As someone who likes their plants, I like to see interesting plants, some of which I perhaps don’t have an opportunity to view very often. I am interested in how they grow and seeing them in varied settings and furthering my understanding of how they grow, can be very illuminating.

I enjoy gardens that look to some extent naturalistic and more informal. Round shapes of borders and paths I often find most pleasing.

I also like gardens that are put together in a way that I find pleasing and attractive. There is a lot of talk about garden design. I am not really that interested in gardens that have been created at massive expense, perhaps with huge amounts of hard landscaping and for instant effect.
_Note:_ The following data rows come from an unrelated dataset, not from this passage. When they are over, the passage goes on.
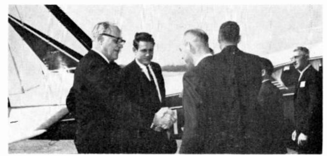
V!P's Fly In
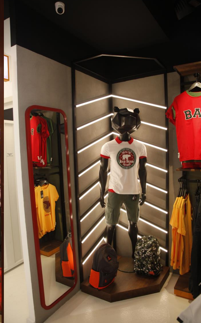
... and now with its own stores!
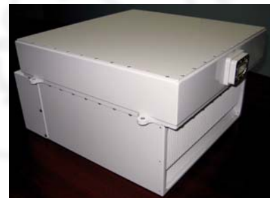
200 - 250W C-Band
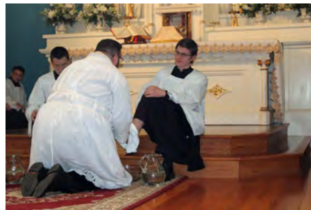
Easter lasts 50 days! Alleluia! See more photos on our website: www.ccjc3.org
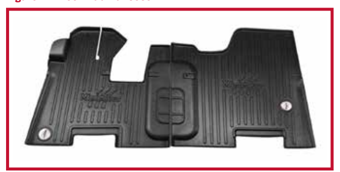
Figure 4 - Floor Mat Kit 105037

• The trim lines allow for fit of aftermarket passenger seats and the Minimizer Long Haul Series seat.
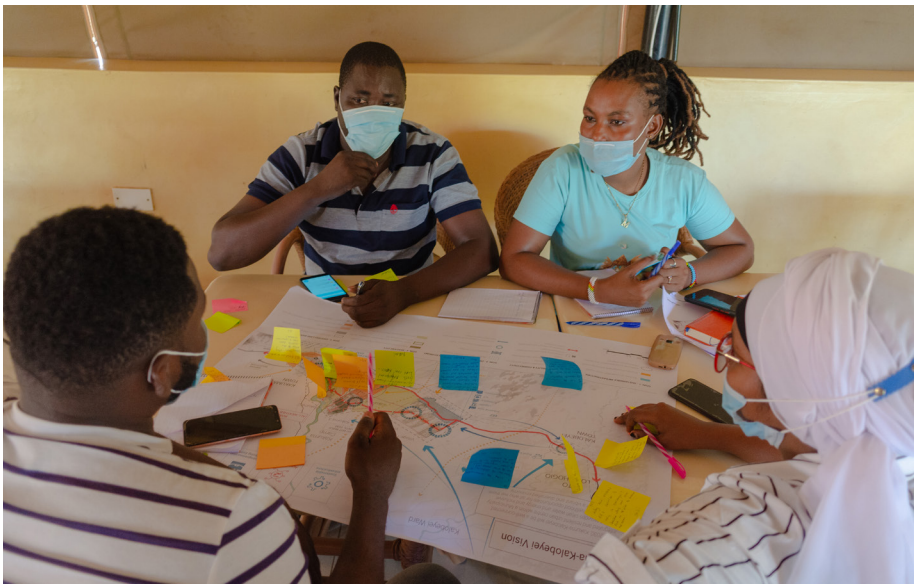
Workshop participants discussing the Kakuma-Kalobeyei Vision.

UN-Habitat, in collaboration with Turkana County Government and Cities Alliance, hosted a collaborative workshop with leaders from the host and refugee communities in Kakuma-Kalobeyei for a project funded by the European Union Trust Fund and Swiss Agency for Development and Cooperation (SDC).
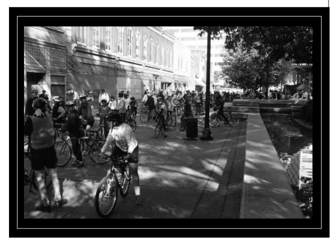
October 2001 neighborhood bike ride.

Develop a bicycle map of downtown, UT and surrounding neighborhoods showing existing conditions on roadways to highlight the best ways to travel by bicycle.
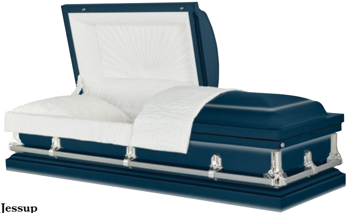
Jessup 20-Gauge Steel - Gasketed Spruce Blue Shaded Silver Finish White Crepe Interior PC: 71083033
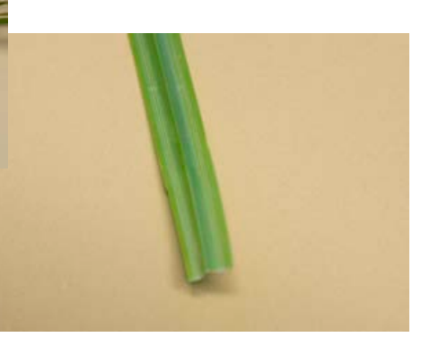
Figure 5 Close-up of nutgrass leaf, showing prominent vein on leaf underside.
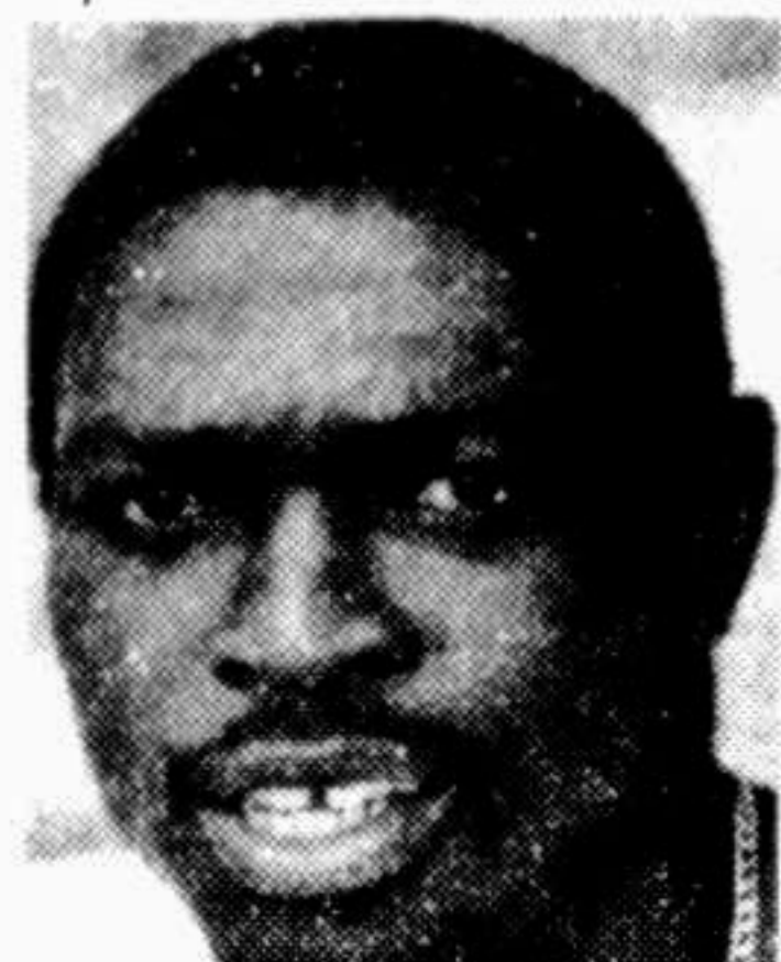
PATRICK PATTERSON said tour manager Lance Gibbs. "He's had some treatment already and will have some more tomorrow. It's too early to say

"He slipped in the foothold during his delivery stride,"
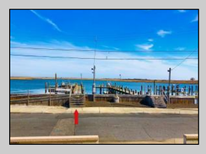
25 12th Brigantine, NJ 08203
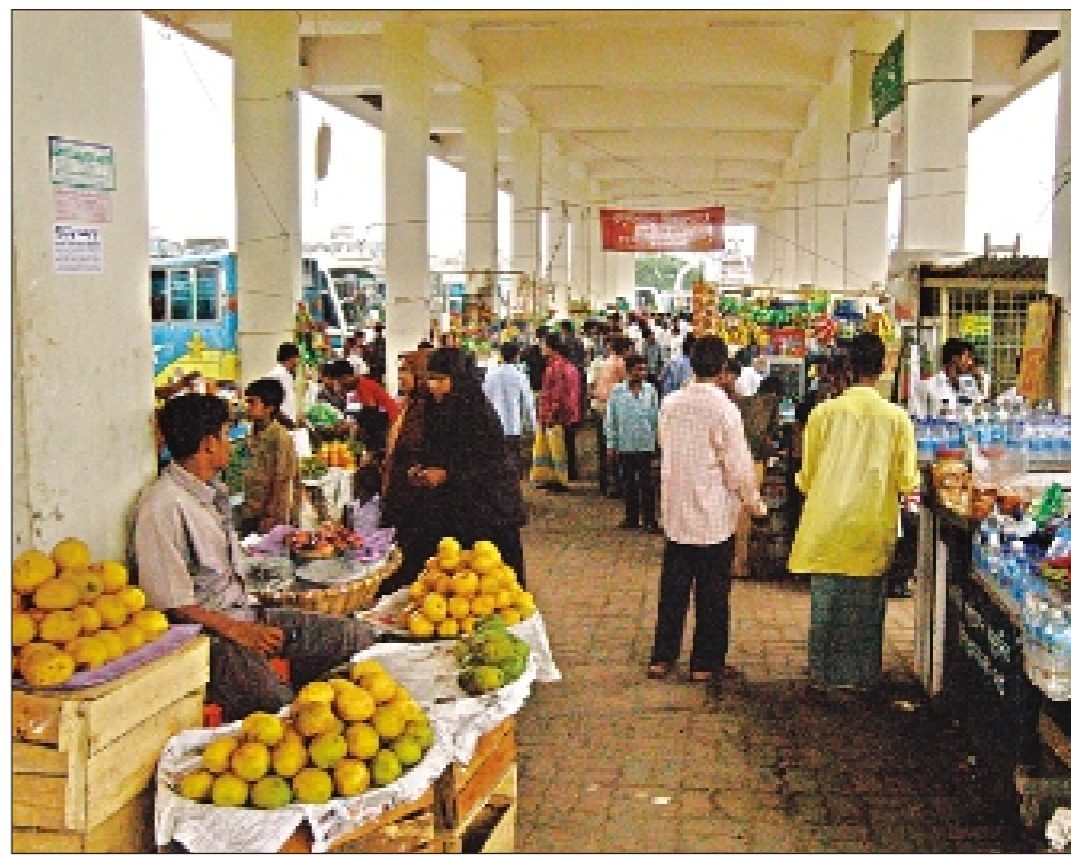
A group of influential people has set up makeshift shops at the renovated Mohakhali inter-district bus terminal in the capital.
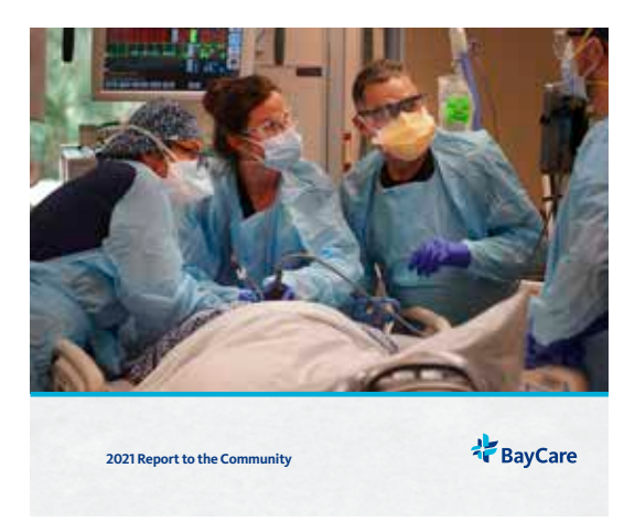
2021 Report to the Community

NONPROFIT ORG. US POSTAGE PAID TAMPA, FL PERMIT NO. 1311
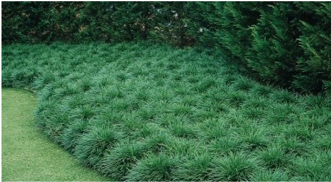
Ophiopogon japonica (Mondo Grass)
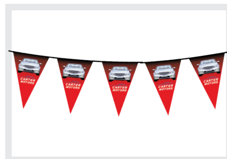
Pennant strings as low as $22.00 R
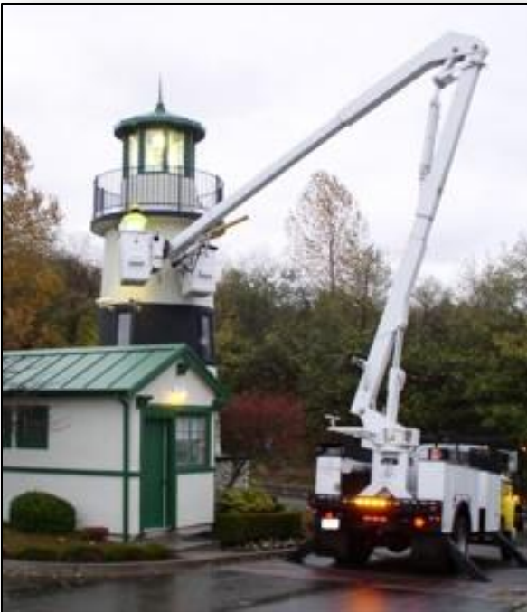
Equipment to do the Job
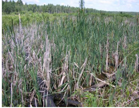
2005. Typha latifolia
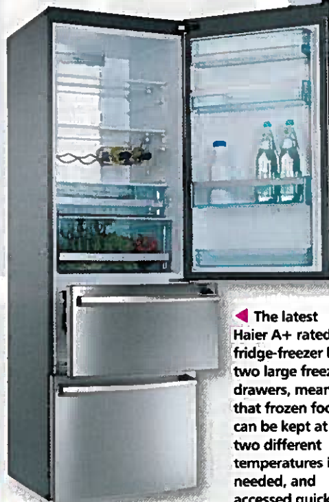
Haier AFL631CS/U fridge-freezer, around £599.99, Comet
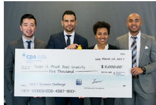
Students from Mount Royal University take home second prize.
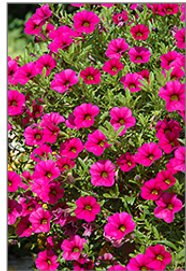
Cabaret Rose Calibrachoa flowers

We are so proud of the nursery stock that we have carefully selected for superior quality and performance, WE GUARANTEE ALL TREES, SHRUBS, EVERGREENS FOR 2 YEARS, AND ROSES FOR 1 YEAR!
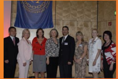
The old and new board members.
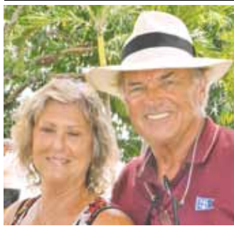
This crew is 'Nauti Nauti'.
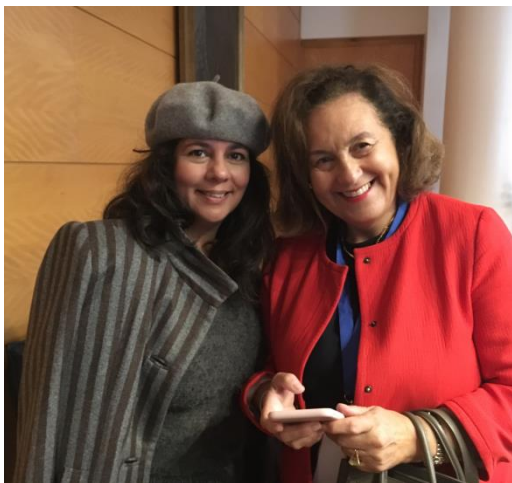
Women working for women – across Europe and across generations
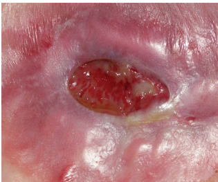
DEC 30 2.4 cm x 1.4 cm. Good progress towards wound healing, even at home.
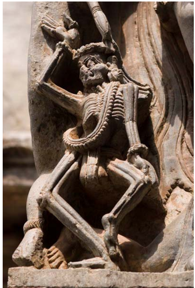
Detail on the 12 th century Hoysalewara Temple, Halebid.
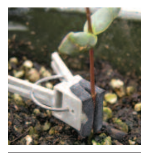
Figure 2. Grafting clips were needed for about 2 wk.

to be planted earlier and allowed to grow 2 mo longer than the A. koa seedlings to become large enough to match the stem size of A. koa scions of similar phenology. Acacia confusa seeds were planted at the same time A. koa seeds were planted because they grew and developed at similar rates. Cleft grafts were used primarily to join A. koa and A. mangium. Splice grafts were used primarily to join A. koa and A. confusa because the plants grow at similar rates as seedlings, the graft unions heal rapidly, and the splice grafts were quicker to perform. Grafted seedlings were placed in humid chambers at room temperature for 1 wk before grafting clips were removed. Plants were transferred to the 60% shadehouse 2 wk later for further growth and development.
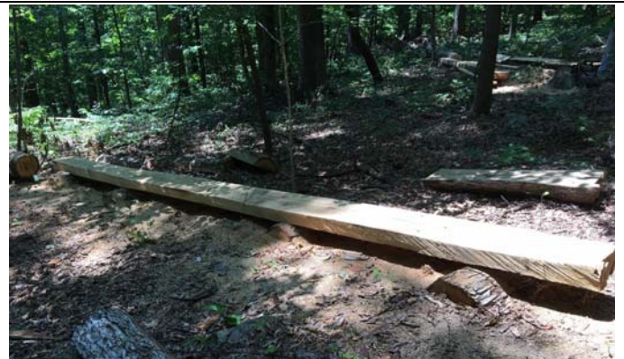
Hand-cut Bridge Beam
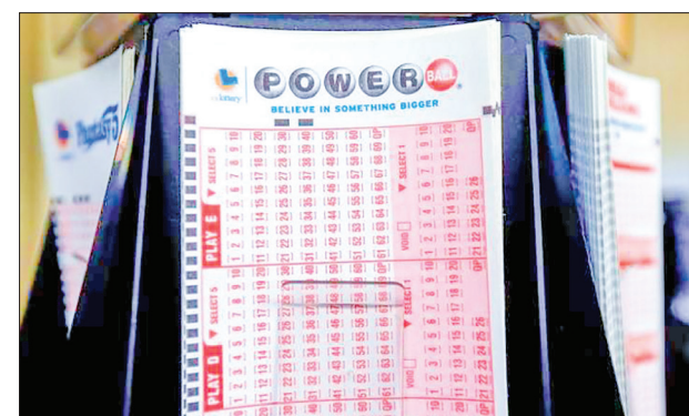
Lottery stubs are pictured at an ampm convenience store in Pasadena, California US, on 21 November 2016. PHOTO: REUTERS

For every $1 worth of Powerball sales, half goes to prizes, 40 per cent to state governments for causes such as education, and 10 per cent to retailers who sell the tickets and other administrative costs.—Reuters
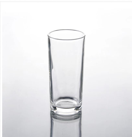
High transparent glass
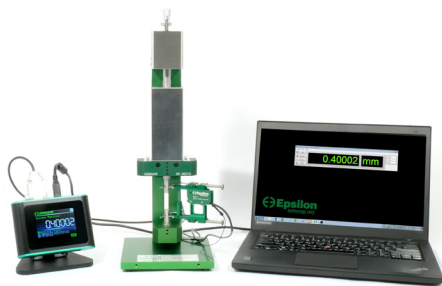
Model 3590VHR calibrator with included Touch Display digital readout and software (computer optional)

The 3590VHR calibrator has the high resolution and accuracy required to calibrate and verify extensometers to ASTM E83 Class B-1 and to ISO 9513 Class 0,5. The 3590VHR's resolution is 20 nanometers.
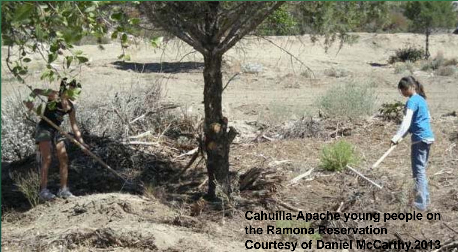
Cahuilla-Apache young people on the Ramona Reservation
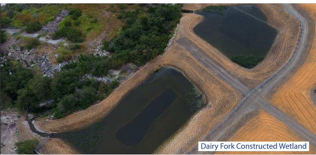
Dairy Fork Constructed Wetland
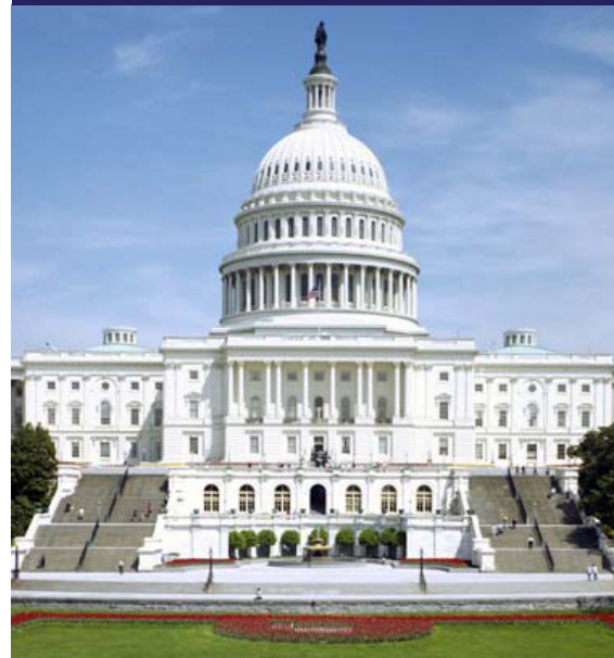
Washington, DC 8–10 November 2024

I often feel that gardens benefit from a clear and identified entrance and exit as well as a defined route through them. Gardens also benefit from being in keeping with the house contained with them. For instance, I am thinking here about the colour of brickwork, whether a house is older, traditional and also its size.

At the moment, some of Cornwall’s large and famous spring gardens are looking particularly pleasing. To see a range of rhododendron, camelia, azalea and other shrub species flowering in these settings after what has felt like a long and often wet winter, I find very rewarding.

Many of these gardens have a rich history, some real maturity and some huge well-established plantings. There are specimens that were among the first to be bought to this country by earlier plant hunters. Cornwall’s unique climatic conditions help provide an environment where they flourish and look at their best.

So do get out and enjoy looking at other people’s gardens. Enjoy them in whatever way you wish.